Source data:
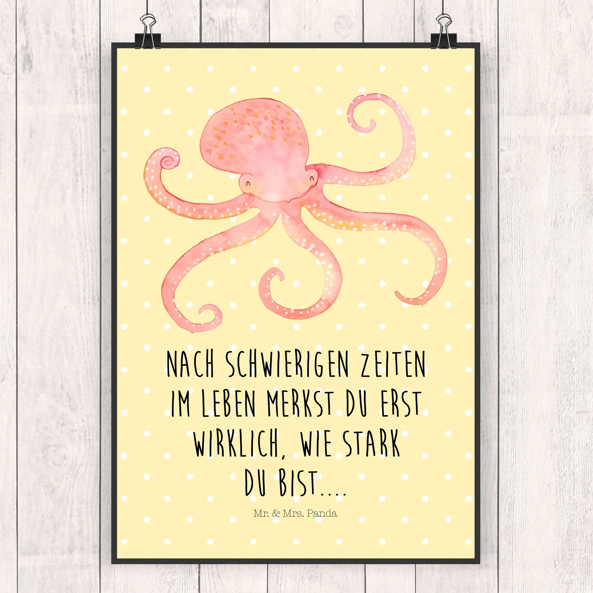 Mit seinen lebendigen Farben und dem fröhlichen Design zaubert der rote Tintenfisch, der fröhlich mit seinen vielen Armen winkt, immer ein Lächeln auf dein Gesicht. Die Botschaft, die auf diesem Poster steht, 'Nach schwierigen Zeiten im Leben merkst du erst wirklich, wie stark du bist...', erinnert uns daran, dass wir aus Herausforderungen lernen und wachsen können.
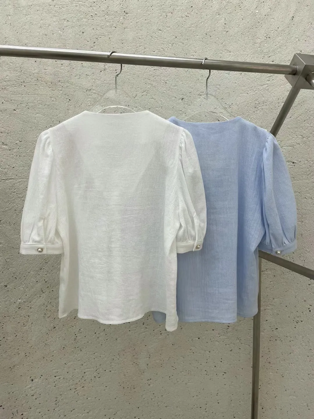 棉 不易皺斜紋棉 材質舒服 珍珠釦 跳色緞帶
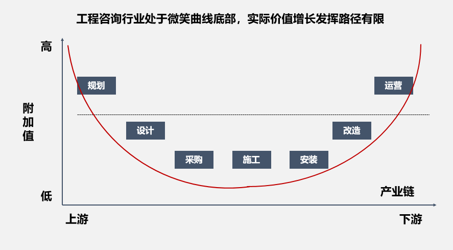 傳統工程咨詢處于微笑曲線底部,要實現價值增長需要咨詢業務“向前推進”、“向后延伸”。如傳統的全過程投控顧問服務,已經無法滿足客戶的需求,客戶迫切需要解決的是如何降低工程建設投資,如何做好概算控制,如何使項目增值等問題。

Problem statement:
A word-for-word copy of the data above is needed, one that omits the pictures.

Your solution:
 Mit seinen lebendigen Farben und dem fröhlichen Design zaubert der rote Tintenfisch, der fröhlich mit seinen vielen Armen winkt, immer ein Lächeln auf dein Gesicht. Die Botschaft, die auf diesem Poster steht, 'Nach schwierigen Zeiten im Leben merkst du erst wirklich, wie stark du bist...', erinnert uns daran, dass wir aus Herausforderungen lernen und wachsen können.
 棉 不易皺斜紋棉 材質舒服 珍珠釦 跳色緞帶
 傳統工程咨詢處于微笑曲線底部,要實現價值增長需要咨詢業務“向前推進”、“向后延伸”。如傳統的全過程投控顧問服務,已經無法滿足客戶的需求,客戶迫切需要解決的是如何降低工程建設投資,如何做好概算控制,如何使項目增值等問題。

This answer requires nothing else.